Skye Scofield
Head of Marketing, Statsig
Sid Kumar
Product Marketing, Statsig

Experimentation and AI: 4 trends we’re seeing

Fri Jun 13 2025

At Statsig, we’re lucky to have a front-row seat to how the best AI products are being built.

We see first-hand how our customers rely on experimentation to improve their AI applications — not only OpenAI and other leading foundation model providers, but also world-class product teams building AI apps like Figma, Notion, Grammarly, Atlassian, Brex, and others.

It’s not an exaggeration to say that every leading AI application relies on systematic A/B testing to test, launch, and optimize their product.

The issue with this statement is that it’s… boring. The power of systematic experimentation and A/B testing isn’t a secret. It’s been a core part of the modern product stack since the early 2010s — and that hasn’t changed with AI. Now, as AI takes on more of the “build” in the build > measure > learn loop, measurement, optimization, and iteration become even more critical.

That said, we’ve noticed some particularly interesting trends in how traditional experimentation is evolving to support AI development.

Trend 1: Offline testing is being replaced by evals

Traditionally, AI/ML testing focused on training custom models designed for specific tasks. Specialized research engineers were deeply involved from ideation through development, testing, and deployment—a process that could take months or even years to complete.

This version of offline testing was very academic. Researchers would test the model against various statistical tests and benchmarks (perplexity, F score, ROUGE score, HELM) to assess its performance for a given task.

There was also a heavy emphasis on data preparation and processing; training data had to be carefully prepared and split into training, validation, and testing sets which were used throughout model development.

After all this testing, models would be evaluated with human feedback, then shipped in production as an experiment.
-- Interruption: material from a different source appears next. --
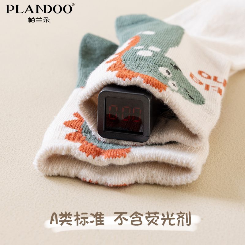 帕兰朵儿童棉质春秋季 袜子男童可爱霸王龙舒适百搭透气保暖中筒袜

Many of our customers have been successful with experimentation to optimize their ML models. Whatnot for example, ran hundreds of tests to optimize their feed and Runna developed a highly personalized algorithm to coach runners.
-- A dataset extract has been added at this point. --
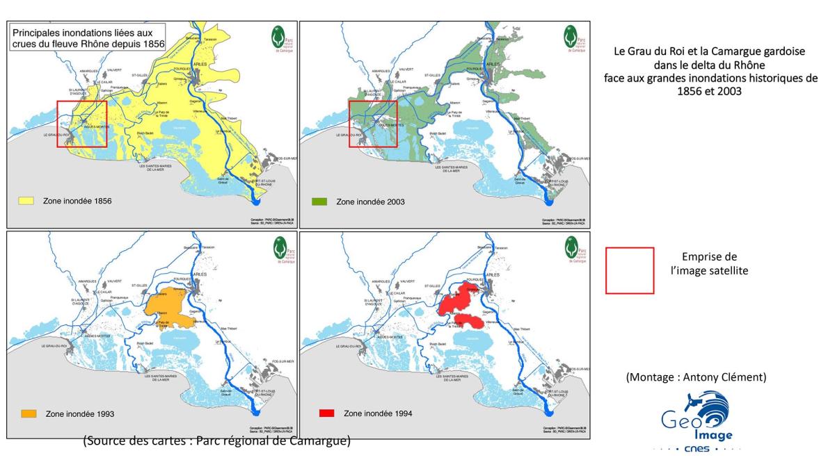 En bordure Nord de l’image, dans l’arrière-pays, se trouve la commune d’Aigues-Mortes (8.500 habitants), une ancienne cité fortifiée qui s’est fortement développée depuis les années 1980. Le site originel apparaît de manière franche dans le quadrilatère au bâti très dense entouré de remparts, érigés sous le règne de Saint-Louis, toujours intacts. Cet ancien site portuaire médiéval est aujourd’hui largement à l’intérieur des terres, témoignant ainsi de la puissance des processus d’érosion/ transport/ accumulation qui se déploient en milieu méditerranéen en lien avec son cadre montagnard.

As teams are starting to build with foundation models (rather than preparing their own models) a new paradigm for offline testing is emerging: offline evals.

Evals work by preparing a set of representative inputs - like a set of user questions or prompts - and run them through a test version of an LLM application. Engineers or PMs review the outputs for each version, and see which ones look better, then ship the version that seems to work the best.

Input

Output (version 1)

Output (version 2)

Output (version 3)

How do I find the

This is a very effective way to get a sense of which changes work best. Unfortunately, this process is still slow and often requires a “test” version of the app built specifically for running evals. These test apps may also lack critical components of the user experience, like context from previous chats, UI elements that contribute to the session, and other components that can interact with changes to a prompt or model.

Increasingly, teams are using a production version of their application to run offline evals - using logging to store outputs to different inputs, or just testing a few inputs manually. While this is inevitably results in fewer samples, it allows product teams to see a representative prototype in action.

Once they have a version that they feel good about, they just ship the updated version as an A/B test - giving them real signal from users on how it’s performing. This also gives data on how changes affect other aspects of application performance, like cost and latency.

Last month, we developed an automated workflow (available in Alpha) that lets you quickly make changes to prompts and models, test against an evaluation dataset, and ship to production as an experiment.

We’re leaning into this trend with a new set of tools that link offline evals and online experiments. Lots more to come here soon!

Trend 2: More AI code drives the need for quantitative optimization

Every company is using AI to write code. While the stats vary - Microsoft says 1/3 of code is AI-generated, and Anthropic recently said nearly 90% of their code is AI generated.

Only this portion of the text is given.